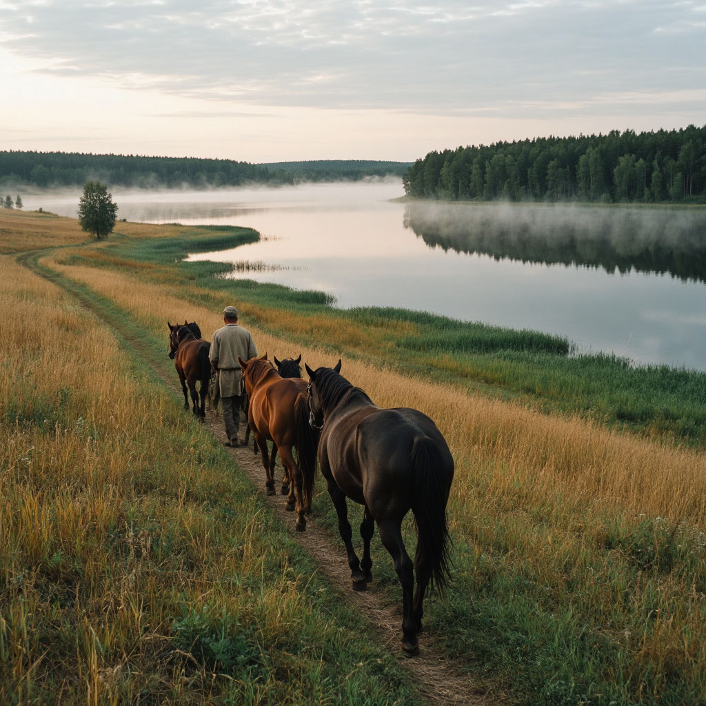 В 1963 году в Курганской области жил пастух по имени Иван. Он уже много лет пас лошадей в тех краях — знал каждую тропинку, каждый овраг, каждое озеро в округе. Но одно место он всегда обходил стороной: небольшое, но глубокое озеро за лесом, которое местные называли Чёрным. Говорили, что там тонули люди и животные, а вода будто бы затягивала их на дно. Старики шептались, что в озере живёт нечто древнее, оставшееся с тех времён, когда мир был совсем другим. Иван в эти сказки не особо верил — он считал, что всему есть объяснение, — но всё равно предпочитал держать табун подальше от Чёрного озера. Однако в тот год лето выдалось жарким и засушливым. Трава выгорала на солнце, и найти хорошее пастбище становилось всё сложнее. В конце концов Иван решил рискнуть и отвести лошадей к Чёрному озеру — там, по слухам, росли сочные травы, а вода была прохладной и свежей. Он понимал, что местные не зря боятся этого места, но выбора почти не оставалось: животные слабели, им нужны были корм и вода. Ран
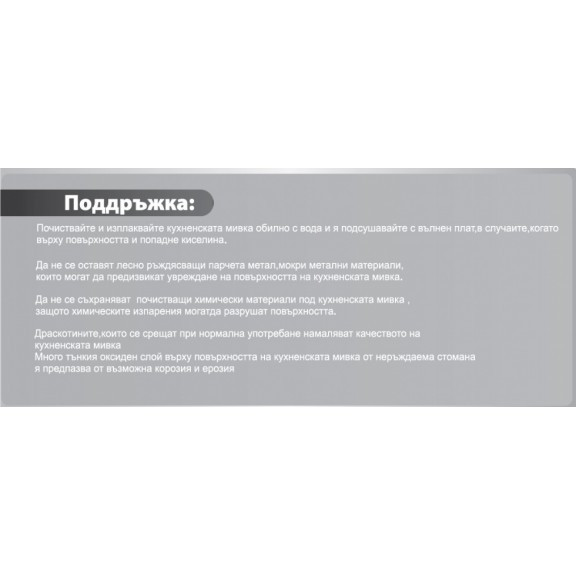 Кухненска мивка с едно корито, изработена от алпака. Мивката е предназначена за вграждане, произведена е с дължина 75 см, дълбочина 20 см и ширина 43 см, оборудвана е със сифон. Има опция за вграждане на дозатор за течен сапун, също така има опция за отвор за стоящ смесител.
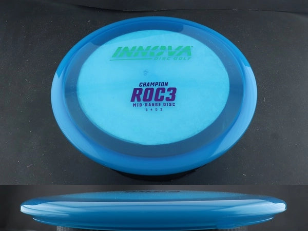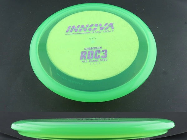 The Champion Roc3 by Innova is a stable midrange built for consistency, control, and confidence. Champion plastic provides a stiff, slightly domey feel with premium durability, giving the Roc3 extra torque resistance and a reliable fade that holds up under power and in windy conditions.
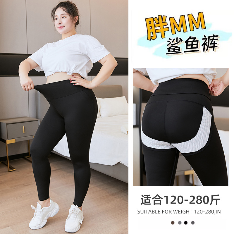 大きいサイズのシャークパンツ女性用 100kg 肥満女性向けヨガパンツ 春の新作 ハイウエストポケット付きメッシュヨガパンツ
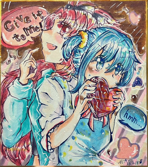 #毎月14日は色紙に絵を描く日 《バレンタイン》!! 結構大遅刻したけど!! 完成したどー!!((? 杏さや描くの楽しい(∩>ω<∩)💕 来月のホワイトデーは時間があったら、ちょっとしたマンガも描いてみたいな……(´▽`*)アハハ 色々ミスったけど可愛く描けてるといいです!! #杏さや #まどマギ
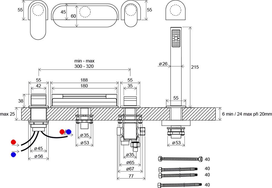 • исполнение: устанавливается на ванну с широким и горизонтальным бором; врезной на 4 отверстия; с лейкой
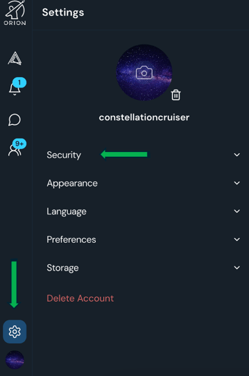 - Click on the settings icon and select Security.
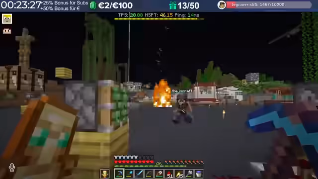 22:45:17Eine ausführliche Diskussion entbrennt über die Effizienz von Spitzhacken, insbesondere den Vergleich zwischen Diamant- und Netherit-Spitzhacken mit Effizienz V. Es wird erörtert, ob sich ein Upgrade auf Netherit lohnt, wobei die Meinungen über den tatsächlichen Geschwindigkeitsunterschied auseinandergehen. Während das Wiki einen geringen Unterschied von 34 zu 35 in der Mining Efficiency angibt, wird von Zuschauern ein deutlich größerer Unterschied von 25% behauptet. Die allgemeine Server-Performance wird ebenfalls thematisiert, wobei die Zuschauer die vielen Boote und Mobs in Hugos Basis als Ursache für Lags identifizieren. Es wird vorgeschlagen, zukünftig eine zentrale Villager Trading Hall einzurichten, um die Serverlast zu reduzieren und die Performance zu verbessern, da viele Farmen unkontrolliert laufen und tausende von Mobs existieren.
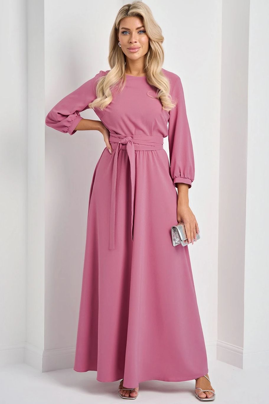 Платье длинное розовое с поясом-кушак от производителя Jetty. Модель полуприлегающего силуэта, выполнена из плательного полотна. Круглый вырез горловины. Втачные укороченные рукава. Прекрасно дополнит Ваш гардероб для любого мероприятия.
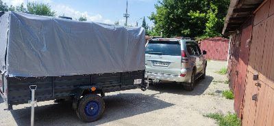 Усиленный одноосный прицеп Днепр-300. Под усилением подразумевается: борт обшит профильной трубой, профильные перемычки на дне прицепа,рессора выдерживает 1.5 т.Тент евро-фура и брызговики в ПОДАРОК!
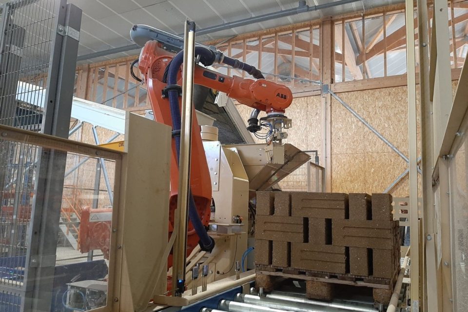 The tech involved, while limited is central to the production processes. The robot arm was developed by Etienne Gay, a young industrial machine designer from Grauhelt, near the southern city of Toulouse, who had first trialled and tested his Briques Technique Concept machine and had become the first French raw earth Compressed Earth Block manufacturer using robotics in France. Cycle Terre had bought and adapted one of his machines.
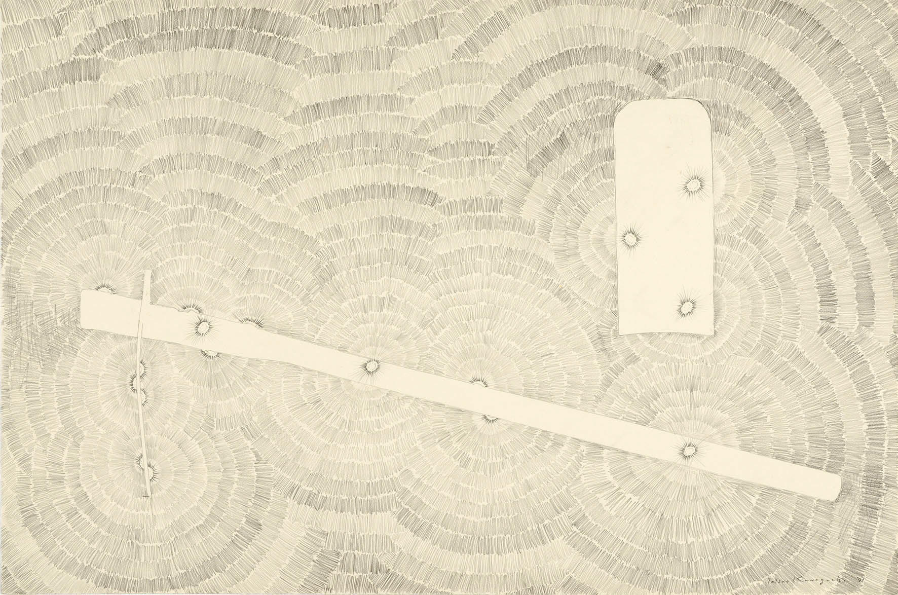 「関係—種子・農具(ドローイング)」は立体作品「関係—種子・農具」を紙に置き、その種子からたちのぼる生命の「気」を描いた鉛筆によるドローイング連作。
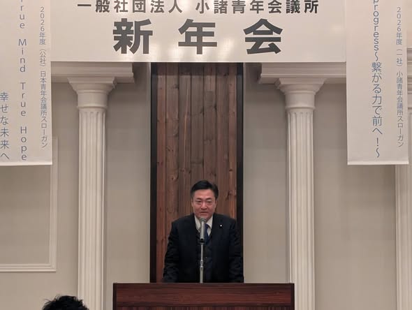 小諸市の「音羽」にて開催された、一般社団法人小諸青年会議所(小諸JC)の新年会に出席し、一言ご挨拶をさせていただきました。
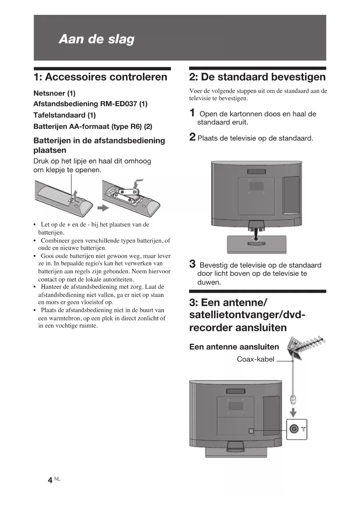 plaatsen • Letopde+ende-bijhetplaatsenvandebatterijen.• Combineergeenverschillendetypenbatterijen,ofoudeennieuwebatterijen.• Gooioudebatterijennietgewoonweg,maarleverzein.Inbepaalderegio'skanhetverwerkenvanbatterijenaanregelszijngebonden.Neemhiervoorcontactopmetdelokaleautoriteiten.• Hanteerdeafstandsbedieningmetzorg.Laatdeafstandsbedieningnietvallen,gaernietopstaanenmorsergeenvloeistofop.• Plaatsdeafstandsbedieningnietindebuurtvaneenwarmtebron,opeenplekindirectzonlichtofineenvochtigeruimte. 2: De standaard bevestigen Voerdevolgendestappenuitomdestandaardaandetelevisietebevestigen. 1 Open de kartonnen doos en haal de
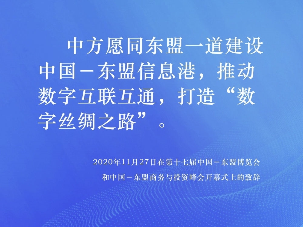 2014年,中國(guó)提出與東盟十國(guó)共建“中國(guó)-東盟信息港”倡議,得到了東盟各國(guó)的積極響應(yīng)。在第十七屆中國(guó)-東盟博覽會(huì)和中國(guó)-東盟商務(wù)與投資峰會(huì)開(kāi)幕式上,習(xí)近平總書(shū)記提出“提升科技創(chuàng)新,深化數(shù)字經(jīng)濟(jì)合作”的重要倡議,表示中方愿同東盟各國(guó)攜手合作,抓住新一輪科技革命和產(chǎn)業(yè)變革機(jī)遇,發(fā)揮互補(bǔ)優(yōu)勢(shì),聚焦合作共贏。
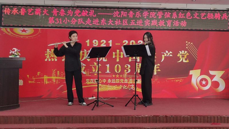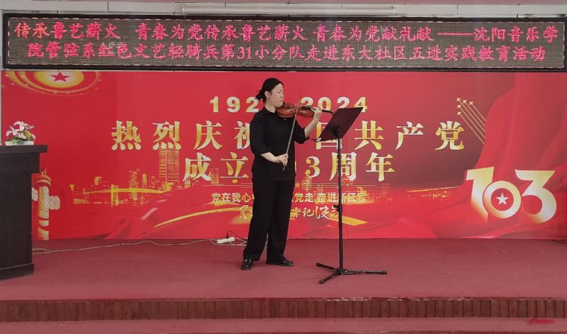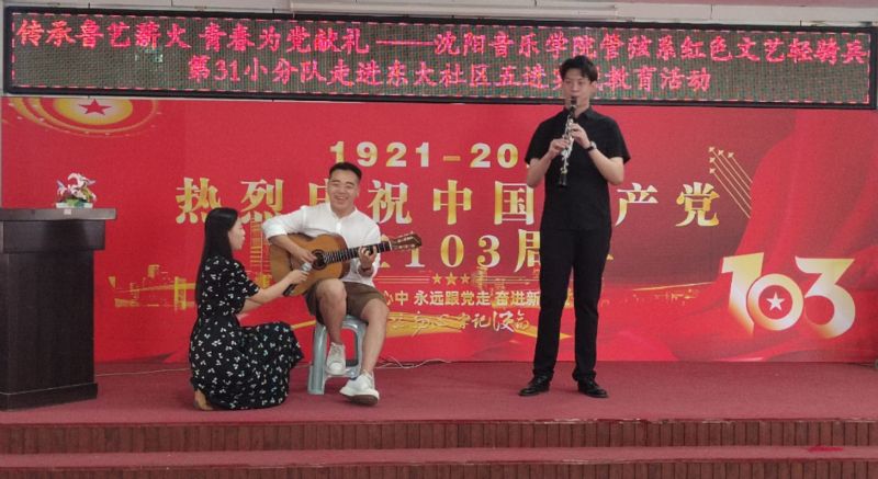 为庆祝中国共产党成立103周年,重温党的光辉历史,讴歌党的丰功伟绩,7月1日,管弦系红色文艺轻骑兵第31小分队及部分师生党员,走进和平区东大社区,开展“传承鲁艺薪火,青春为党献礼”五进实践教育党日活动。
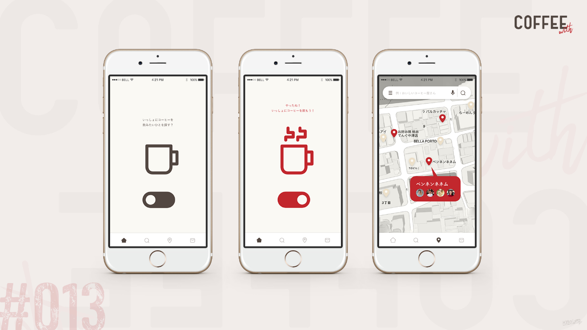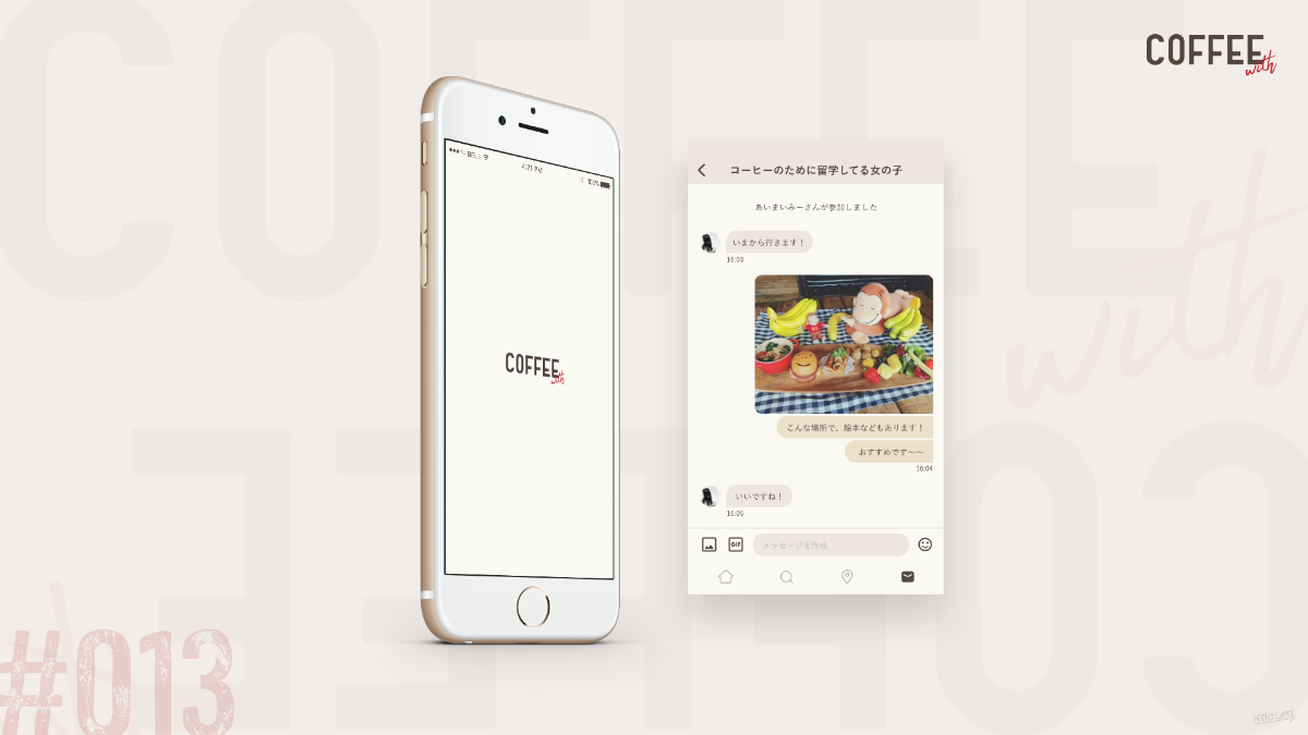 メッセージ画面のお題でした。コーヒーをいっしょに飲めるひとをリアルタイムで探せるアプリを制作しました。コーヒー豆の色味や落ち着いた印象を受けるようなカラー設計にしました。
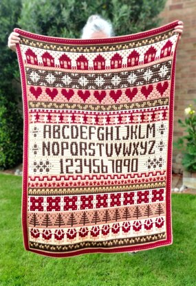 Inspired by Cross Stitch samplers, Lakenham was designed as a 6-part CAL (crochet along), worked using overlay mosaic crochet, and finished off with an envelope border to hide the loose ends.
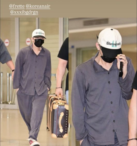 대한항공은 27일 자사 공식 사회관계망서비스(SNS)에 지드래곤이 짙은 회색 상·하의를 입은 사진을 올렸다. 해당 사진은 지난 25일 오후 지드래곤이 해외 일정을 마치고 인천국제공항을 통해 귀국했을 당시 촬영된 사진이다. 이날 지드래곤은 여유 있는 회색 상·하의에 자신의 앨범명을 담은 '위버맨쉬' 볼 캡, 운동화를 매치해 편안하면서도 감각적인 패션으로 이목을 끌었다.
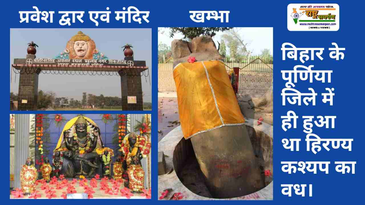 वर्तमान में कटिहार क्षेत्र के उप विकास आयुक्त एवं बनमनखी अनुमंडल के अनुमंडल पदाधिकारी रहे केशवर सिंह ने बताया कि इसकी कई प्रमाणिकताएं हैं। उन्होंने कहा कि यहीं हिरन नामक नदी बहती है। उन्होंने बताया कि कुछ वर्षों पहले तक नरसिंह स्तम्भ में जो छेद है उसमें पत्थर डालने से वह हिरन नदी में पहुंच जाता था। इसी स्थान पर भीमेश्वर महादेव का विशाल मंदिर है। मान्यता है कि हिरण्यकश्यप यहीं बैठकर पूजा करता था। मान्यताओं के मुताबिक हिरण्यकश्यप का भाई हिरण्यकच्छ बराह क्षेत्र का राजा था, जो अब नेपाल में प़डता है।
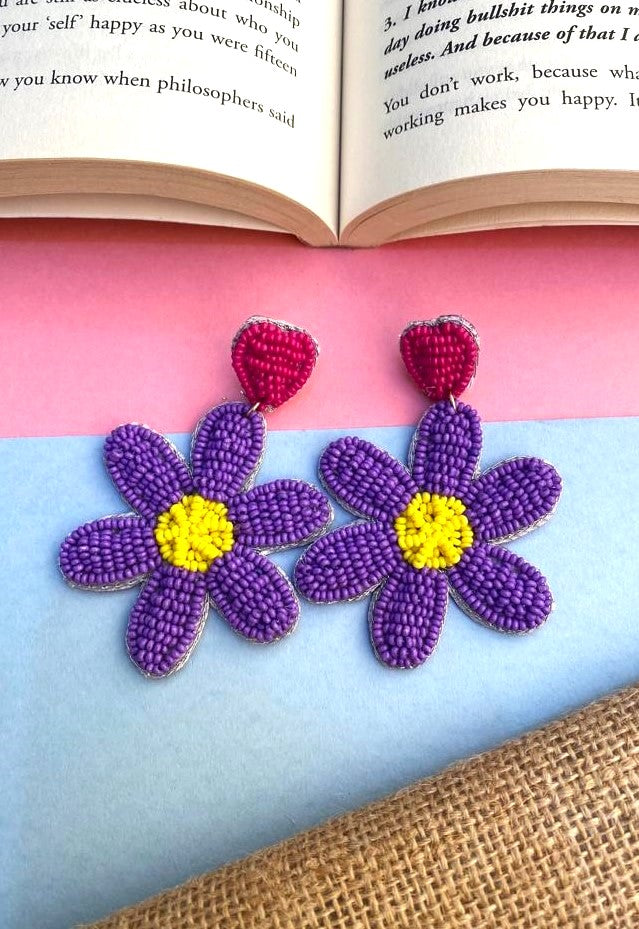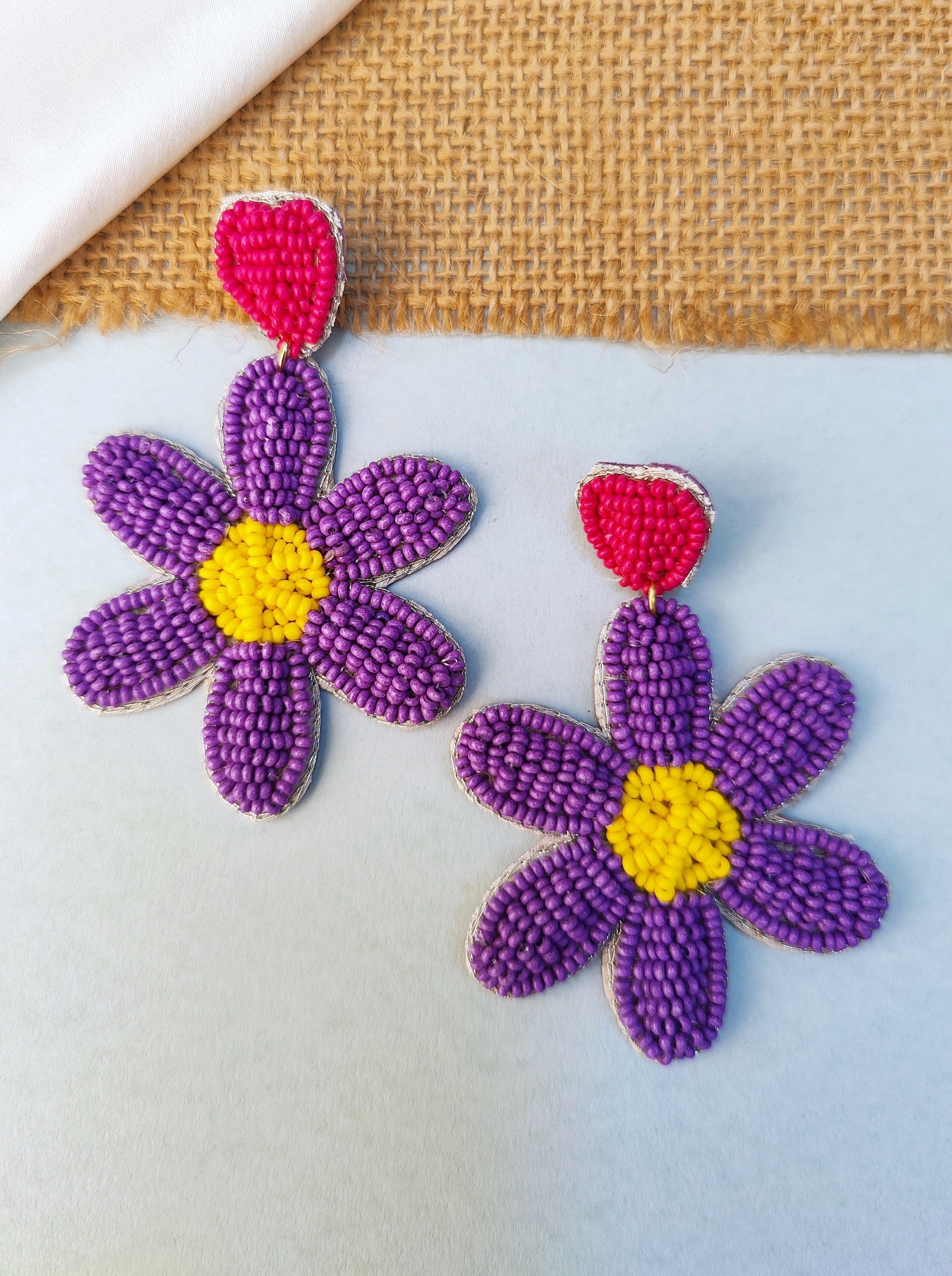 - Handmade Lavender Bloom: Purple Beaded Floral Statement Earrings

........

- [ACTION ITEM]
In the data above, retype only the stretch from the line with "- Click on the" through the line with "Усиленный одноосный прицеп", word for word, and skip any pictures.

- [EXERCISE ANSWER]
 - Click on the settings icon and select Security.
 22:45:17Eine ausführliche Diskussion entbrennt über die Effizienz von Spitzhacken, insbesondere den Vergleich zwischen Diamant- und Netherit-Spitzhacken mit Effizienz V. Es wird erörtert, ob sich ein Upgrade auf Netherit lohnt, wobei die Meinungen über den tatsächlichen Geschwindigkeitsunterschied auseinandergehen. Während das Wiki einen geringen Unterschied von 34 zu 35 in der Mining Efficiency angibt, wird von Zuschauern ein deutlich größerer Unterschied von 25% behauptet. Die allgemeine Server-Performance wird ebenfalls thematisiert, wobei die Zuschauer die vielen Boote und Mobs in Hugos Basis als Ursache für Lags identifizieren. Es wird vorgeschlagen, zukünftig eine zentrale Villager Trading Hall einzurichten, um die Serverlast zu reduzieren und die Performance zu verbessern, da viele Farmen unkontrolliert laufen und tausende von Mobs existieren.
 Платье длинное розовое с поясом-кушак от производителя Jetty. Модель полуприлегающего силуэта, выполнена из плательного полотна. Круглый вырез горловины. Втачные укороченные рукава. Прекрасно дополнит Ваш гардероб для любого мероприятия.
 Усиленный одноосный прицеп Днепр-300. Под усилением подразумевается: борт обшит профильной трубой, профильные перемычки на дне прицепа,рессора выдерживает 1.5 т.Тент евро-фура и брызговики в ПОДАРОК!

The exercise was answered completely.